Which interval is narrower (

`width`

)? The original or the summarized?The summarized data gives a narrower interval.

How has applying the mean heuristic affected the width of the interval? Why has this happened?

Applying the mean heuristic has reduced the width of the interval. This makes sense, as applying the mean heuristic has reduced the variability due to error, allowing us to focus in on the real variability alone.

Suppose we were using these data to guide engineering design decisions, and a narrower interval would enable a more efficient design. Which analysis would enable a more efficient design?

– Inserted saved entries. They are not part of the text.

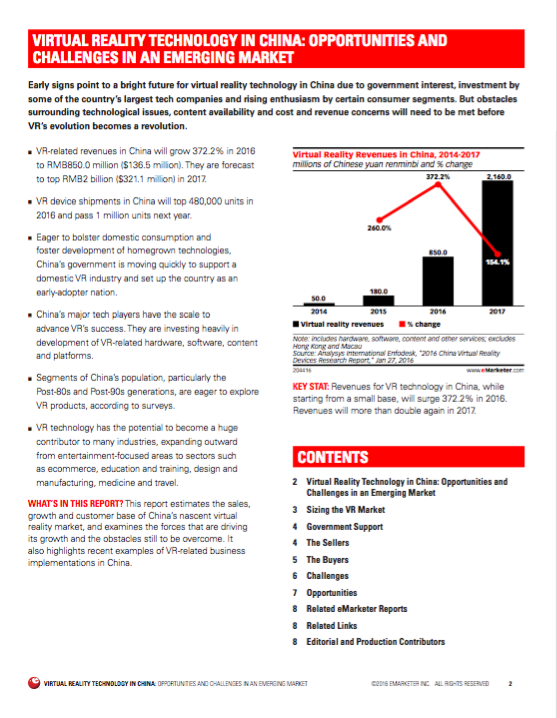 eMarketer Virtual Reality Technology in China 中国虚拟现实技术机遇和挑战
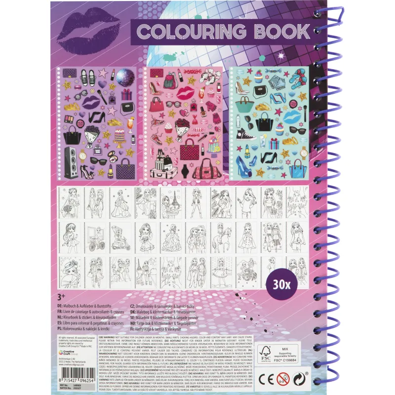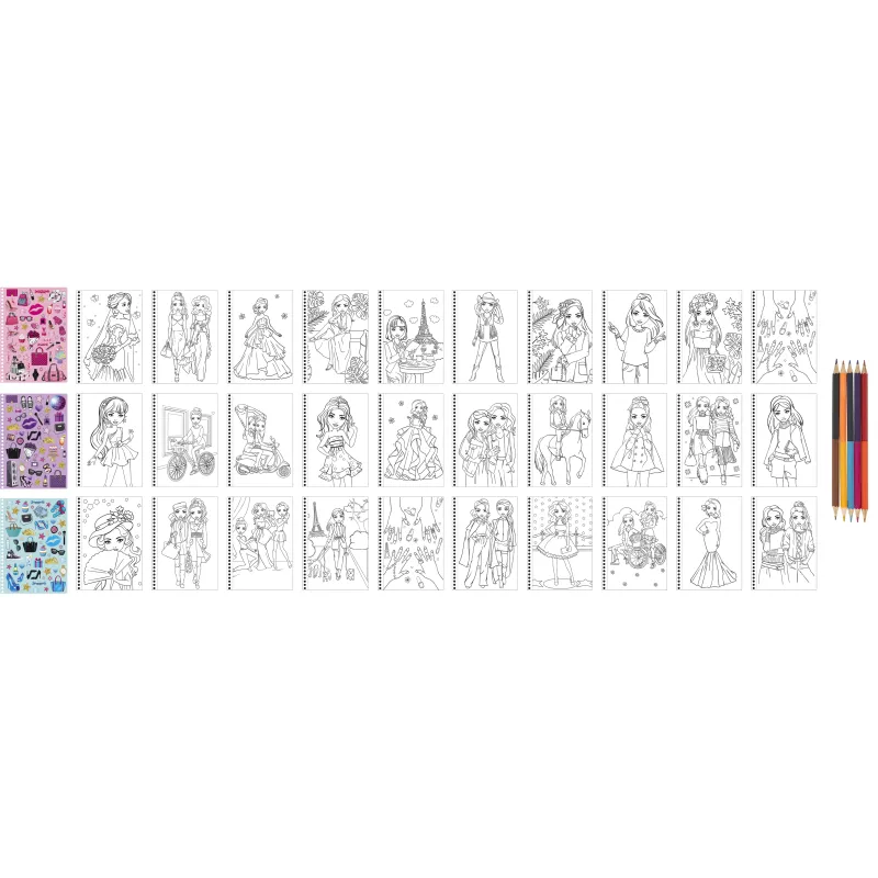 Раскраска Besties предлагает множество страниц для творчества. В комплект входят наклейки и пять двусторонних цветных карандашей.
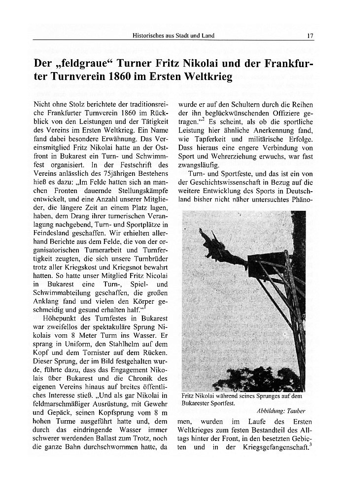 Nicht ohne Stolz berichtete der traditionsrei-che Frankfurter Turnverein 1860 im Rück-blick von den Leistungen und der Tätigkeit des Vereins im Ersten Weltkrieg. Ein Name fand dabei besondere Erwähnung. Das Ver-einsmitglied Fritz Nikolai hatte an der Ost-front in Bukarest ein Turn- und Schwimmfest organisiert. In der Festschrift des Vereins anlässlich des 75jährigen Bestehens hieß es dazu: "Im Felde hatten sich an manchen Fronten dauernde Stellungskämpfe entwi-ckelt, und eine Anzahl unserer Mitglieder, die längere Zeit an einem Platz lagen, haben, dem Drang ihrer turnerischen Veranlagung nachgebend, Turn- und Sportplätze in Fein-desland geschaffen. Wir erhielten allerhand Berichte aus dem Felde, die von der organisa-torischen Turnerarbeit und Turnfertigkeit zeugten, die sich unsere Turnbrüder trotz aller Kriegskost und Kriegsnot bewahrt hatten. So hatte unser Mitglieder Fritz Nicolai in Bukarest eine Turn-, Spiel- und Schwimmab-teilung geschaffen, die großen Anklang fand und vielen den Körper geschmeidig und ge-sund erhalten half."1
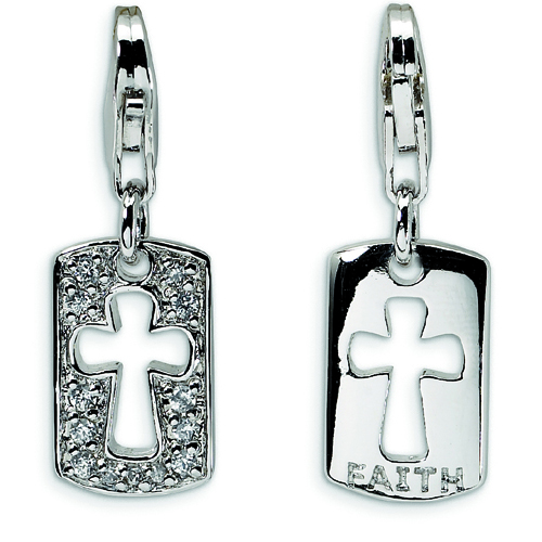 Sterling Silver Cubic Zirconia Cut-out Cross/Faith Clip-on With Lobster Clasp Charm
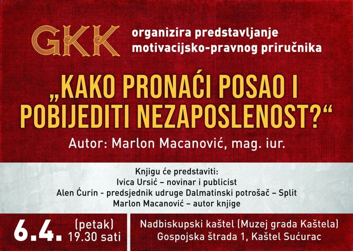 Autor motivacijsko-pravnog priručnika „Kako pronaći posao i pobijediti nezaposlenost?“ Marlon Macanović govorit će o načinu pobjeđivanja nezaposlenosti i načinu traženja posla u sklopu predstavljanja knjige u petak 6. travnja u 19.30 sati u Nadbiskupskom kaštelu (Muzej grada Kaštela) u Kaštel Sućurcu, na adresi Gospojska štrada 1.
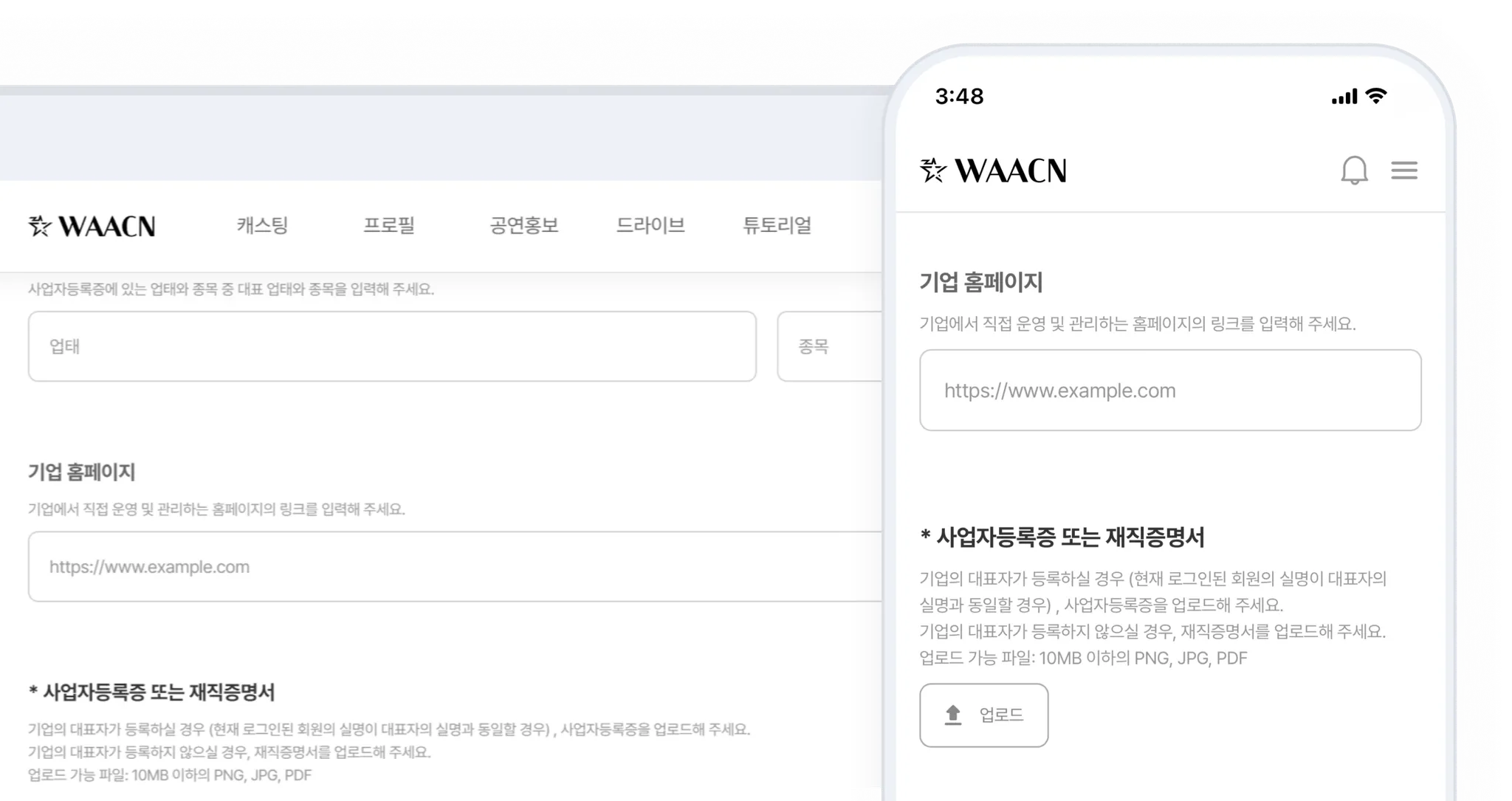 기업 홈페이지 입력과 함께 사업자등록증 또는 재직증명서 제출!
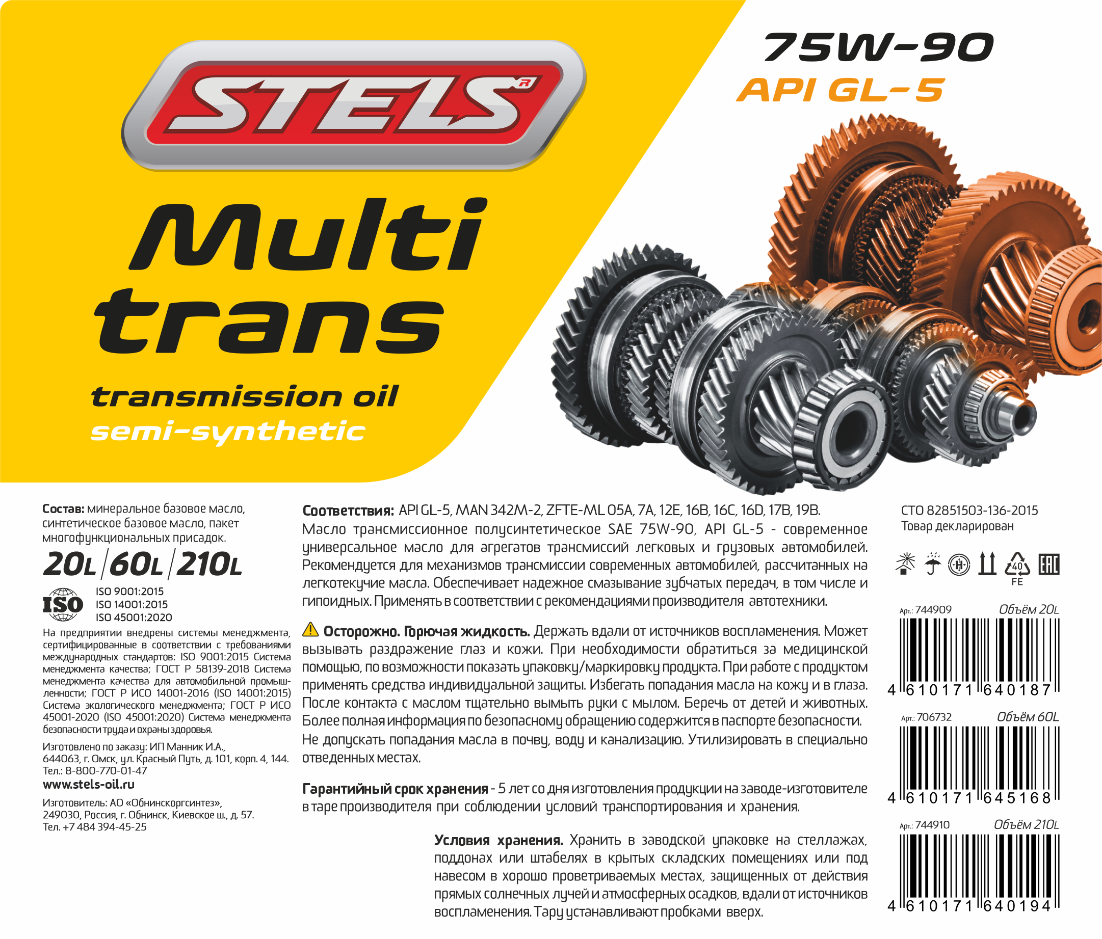 Масло трансмиссионное STELS Multitrans 75w-90 GL-5 60л
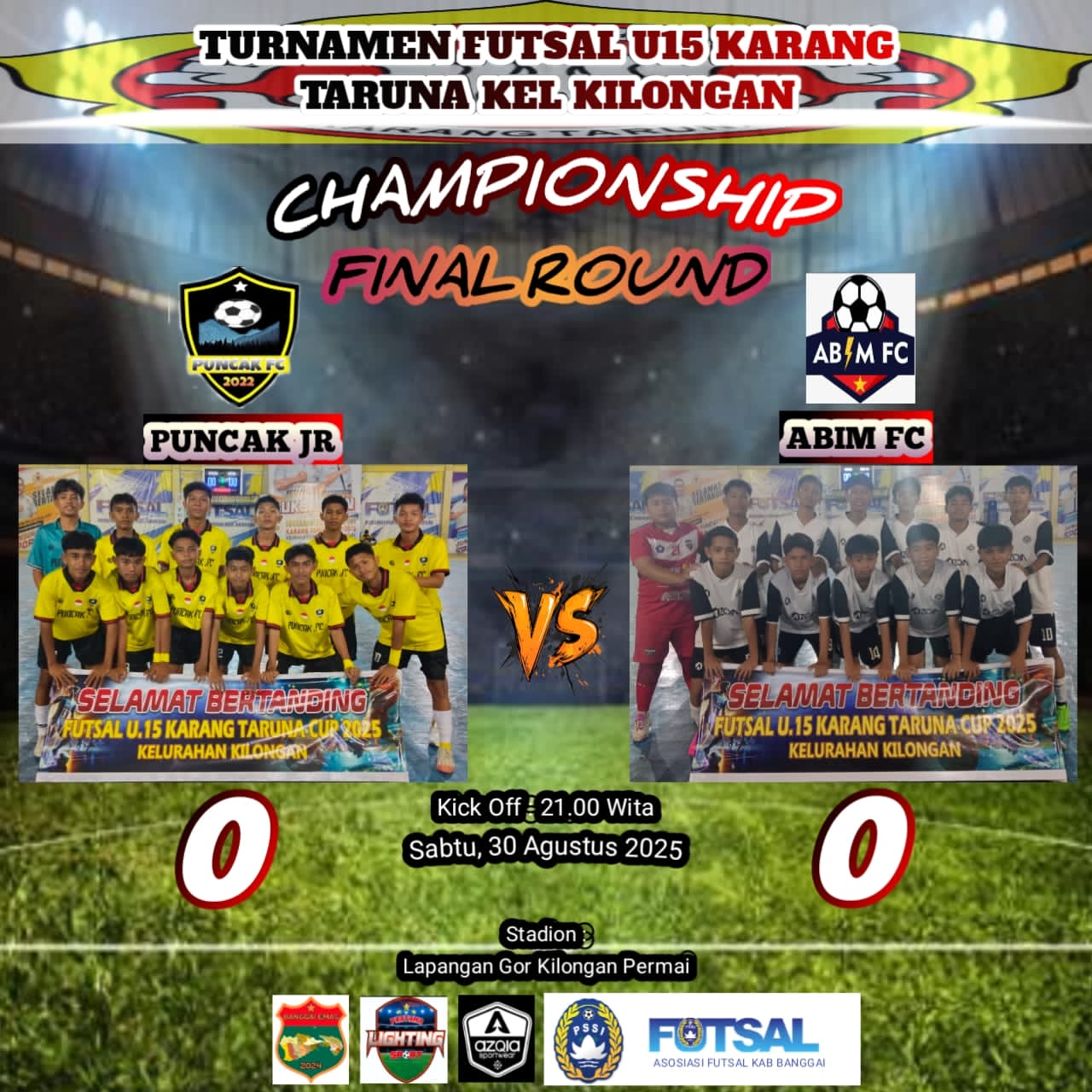 Banggaikece.id – Open Turnamen Futsal U-15 Piala Karang Taruna Kelurahan Kilongan, Kecamatan Luwuk Utara, segera mencapai puncaknya. Partai final akan digelar Sabtu malam, 30 Agustus 2025, di lapangan futsal GOR Kilongan.
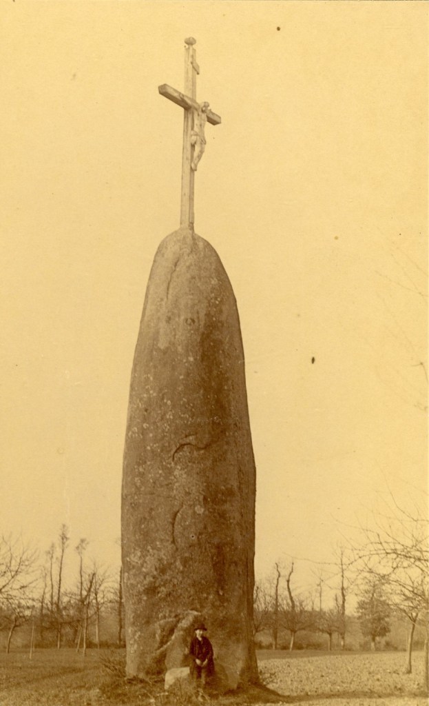 At some point there was a cross placed on top of the menhir, an attempt to christianize the sculpture. Removed during the Revolution, the cross was replaced in 1816. It disappeared at the beginning of the 20th century, broken by a strong storm.
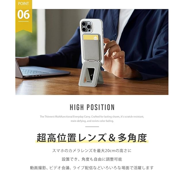 【様々なシーンで活躍!超高位置レンズ&多角度】 スマホのカメラレンズを最大20cmの高さに設置でき、角度も自由に調節することが可能です。動画撮影、ビデオ会議、ライブ配信などで活躍します。

The summarized approach (using the mean and quantile heuristics) would enable a more efficient design.

Note that this kind of analysis is **only** possible when the data have this kind of nested structure; when we have multiple measurements of each specimen. The next task highlights this important fact.

**q11** Importance of structured data collection#

Inspect the data, and answer the questions under *observations* below.

```
# NOTE: No need to edit; run and inspect
(
df_nested
>> gr.tf_select(DF.x_meas)
>> gr.tf_head(8)
)
```

x_meas | |
---|---|

0 | 1.042817 |

1 | 0.902662 |

2 | 1.042041 |

3 | 0.870676 |

4 | 1.005482 |

5 | 0.914736 |

6 | 1.111457 |

7 | 1.077125 |

*Observations*

With this form of

`df_nested`

, could we apply the mean and quantile heuristics to analyze the data? Why or why not?We could not apply the mean and quantile heuristics; this is because we do not have access to information about how the data were collected. Practically, we have no variables to group by.

# Closing punchline#

Variability can come in different forms: Real variability affects the outcomes we are interested in, while erroneous variability corrupts measurements and inflates the variability we observe. A careful combination of planned data collection (nested data) and data analysis can help us reduce erroneous variability, which can enable more efficient designs.